Dataset items:
====

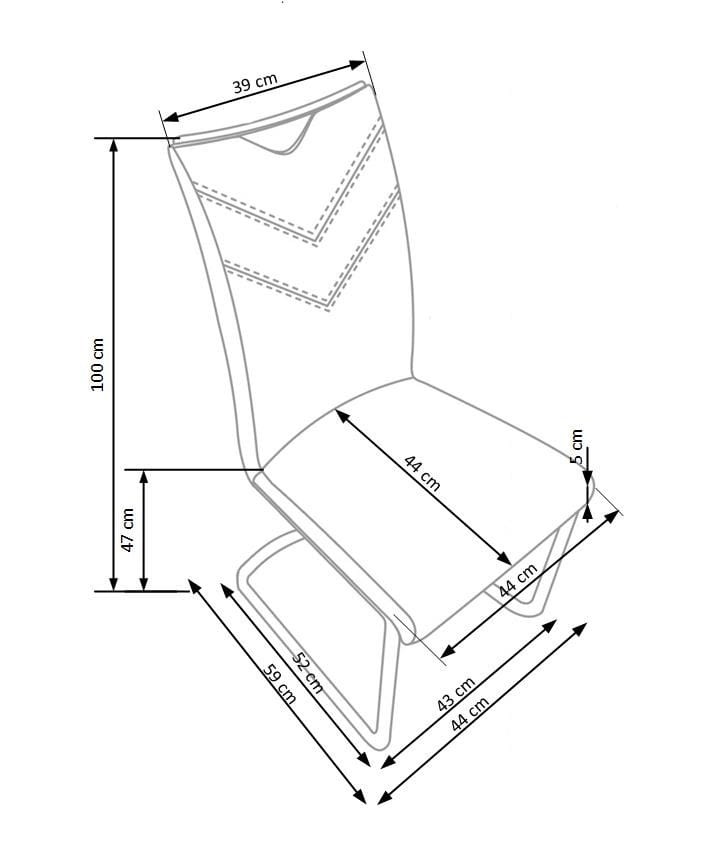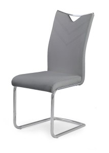Pięknie zaprojektowane siedzisko, z subtelnymi, geometrycznymi przeszyciami na oparciu, a także jego pomysłowe wykończenie u szczytu sprawiają, że tapicerowane krzesło cechuje się także elegancką formą! Metalowy uchwyt w górnej części oparcia pozwala na łatwe przenoszenie czy też przesuwanie mebla. W dodatku krzesło pokryte jest oddychającą, łatwą w czyszczeniu ekoskórą w kolorze szarym. Odcień ten sprawi, że pomieszczenie wyposażone w krzesła na płozach Haga będzie stylowo urządzone.
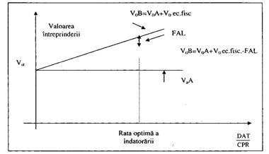 Figura 1. Influenta economiilor fiscale si a riscului de faliment asupra valorii intreprinderii
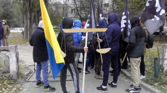Националисты в масках встречали мэра Харькова Геннадия Кренеса под стенами Киевского районного суда в Полтаве. Кричали "Позор!" и держали плакаты.
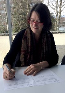 Images: Franciska de Jong, signing a Memorandum of Understanding between LIBER and CLARIN-ERIC. Image by LIBER, CC BY (top). Laurent Romary, Director of DARIAH-EU, signing a Memorandum of Understanding with LIBER. Image by LIBER, CC BY (bottom).
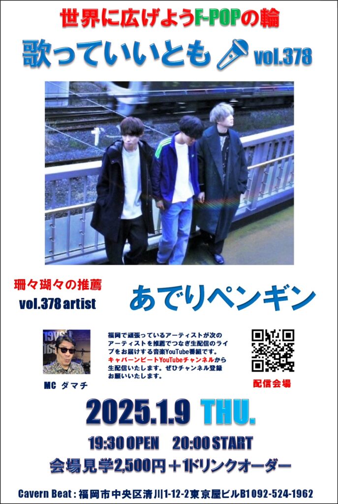 第378回目は歌っていいとも🎤第368回に出演いただいた珊々瑚々からの推薦であでりペンギン のステージをお届けいたしますのでぜひお楽しみください。
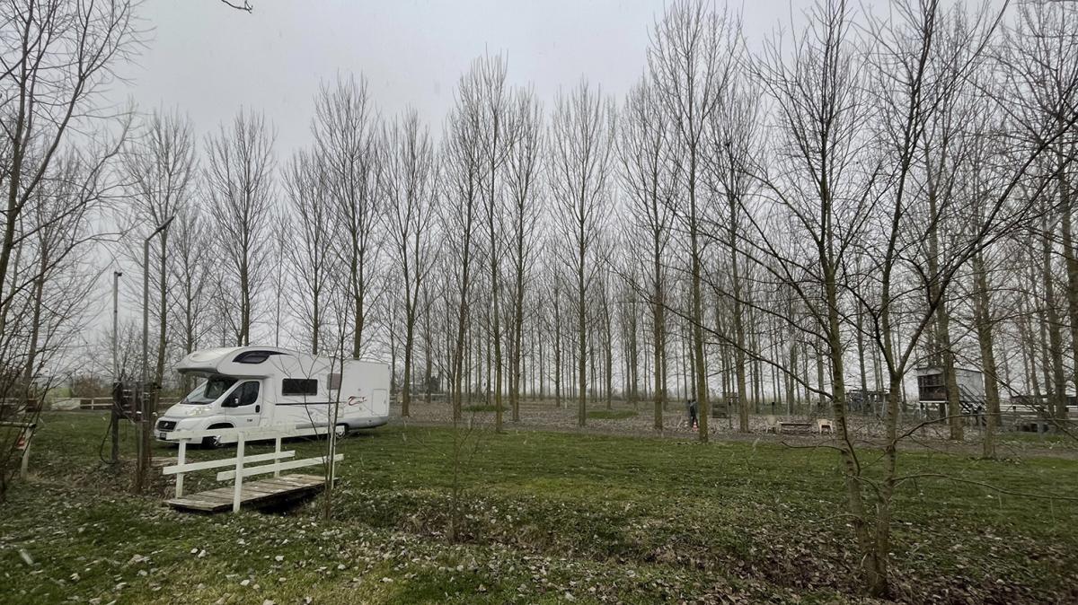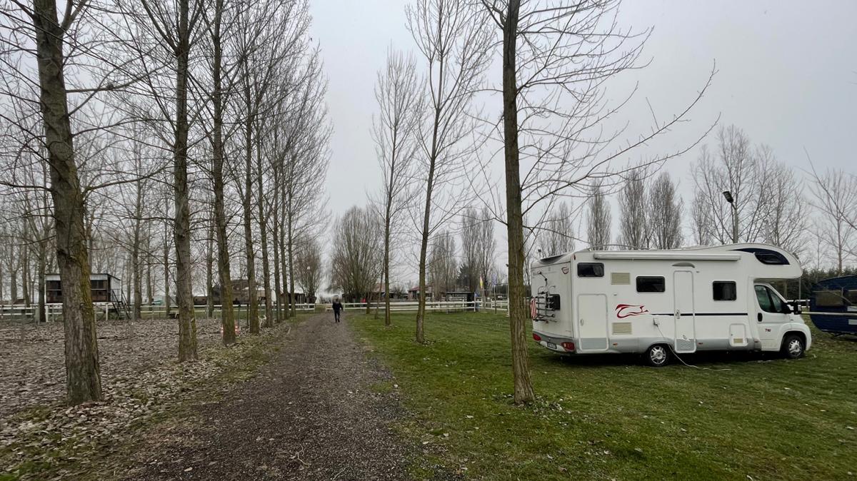 Nelle vicinanze del fiume Po, interna al maneggio, area sosta camper su terreno erboso con servizio di scarico, elettricità, servizi igienici, doccia, area BBQ.
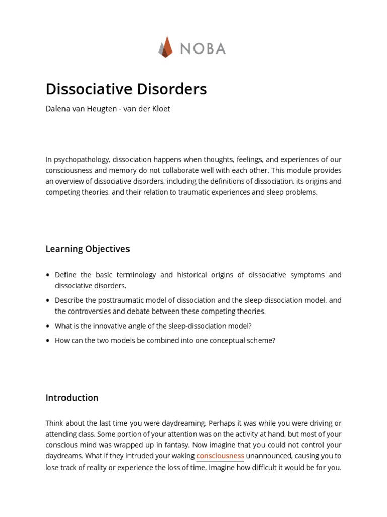 • Describe the posttraumatic model of dissociation and the sleep-dissociation model, and
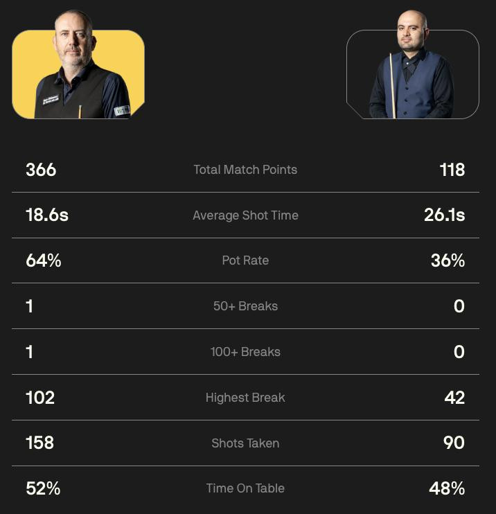 比赛首局,两人手感都不好,互送大礼包,双方交替上手得分,最终马克.威廉姆斯以63:53拔得头筹。第二局,马克.威廉姆斯前后三次上手得分,以68:51再下一局,大比分2-0领先。第三局,马克.威廉姆斯打出单杆74分,以117:0拿下该局,大比分3-0率先取得赛点。第四局,马克.威廉姆斯渐入佳境,轰出单杆破百102分,以118:14赢下该局,大比分4-0横扫晋级32强。
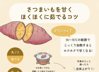 さつまいもを甘くほくほくに茹でるためのポイントと茹で方を解説
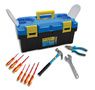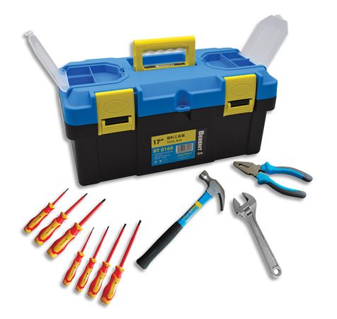 Mallette à outils en plastique avec 10 outils inclus : pince coupante, marteau, clé à molette, tournevis (7 pièces). Coloris jaune et bleu. Dimensions (l x h x p) : 40 x 18 x 25 cm.

====

REQUIRED ACTION: Now transcribe all the entries above exactly, so that no picture is carried over.

PROBLEM SOLUTION:
Pięknie zaprojektowane siedzisko, z subtelnymi, geometrycznymi przeszyciami na oparciu, a także jego pomysłowe wykończenie u szczytu sprawiają, że tapicerowane krzesło cechuje się także elegancką formą! Metalowy uchwyt w górnej części oparcia pozwala na łatwe przenoszenie czy też przesuwanie mebla. W dodatku krzesło pokryte jest oddychającą, łatwą w czyszczeniu ekoskórą w kolorze szarym. Odcień ten sprawi, że pomieszczenie wyposażone w krzesła na płozach Haga będzie stylowo urządzone.
 Figura 1. Influenta economiilor fiscale si a riscului de faliment asupra valorii intreprinderii
Националисты в масках встречали мэра Харькова Геннадия Кренеса под стенами Киевского районного суда в Полтаве. Кричали "Позор!" и держали плакаты.
 Images: Franciska de Jong, signing a Memorandum of Understanding between LIBER and CLARIN-ERIC. Image by LIBER, CC BY (top). Laurent Romary, Director of DARIAH-EU, signing a Memorandum of Understanding with LIBER. Image by LIBER, CC BY (bottom).
 第378回目は歌っていいとも🎤第368回に出演いただいた珊々瑚々からの推薦であでりペンギン のステージをお届けいたしますのでぜひお楽しみください。
 Nelle vicinanze del fiume Po, interna al maneggio, area sosta camper su terreno erboso con servizio di scarico, elettricità, servizi igienici, doccia, area BBQ.
 • Describe the posttraumatic model of dissociation and the sleep-dissociation model, and
 比赛首局,两人手感都不好,互送大礼包,双方交替上手得分,最终马克.威廉姆斯以63:53拔得头筹。第二局,马克.威廉姆斯前后三次上手得分,以68:51再下一局,大比分2-0领先。第三局,马克.威廉姆斯打出单杆74分,以117:0拿下该局,大比分3-0率先取得赛点。第四局,马克.威廉姆斯渐入佳境,轰出单杆破百102分,以118:14赢下该局,大比分4-0横扫晋级32强。
 さつまいもを甘くほくほくに茹でるためのポイントと茹で方を解説
 Mallette à outils en plastique avec 10 outils inclus : pince coupante, marteau, clé à molette, tournevis (7 pièces). Coloris jaune et bleu. Dimensions (l x h x p) : 40 x 18 x 25 cm.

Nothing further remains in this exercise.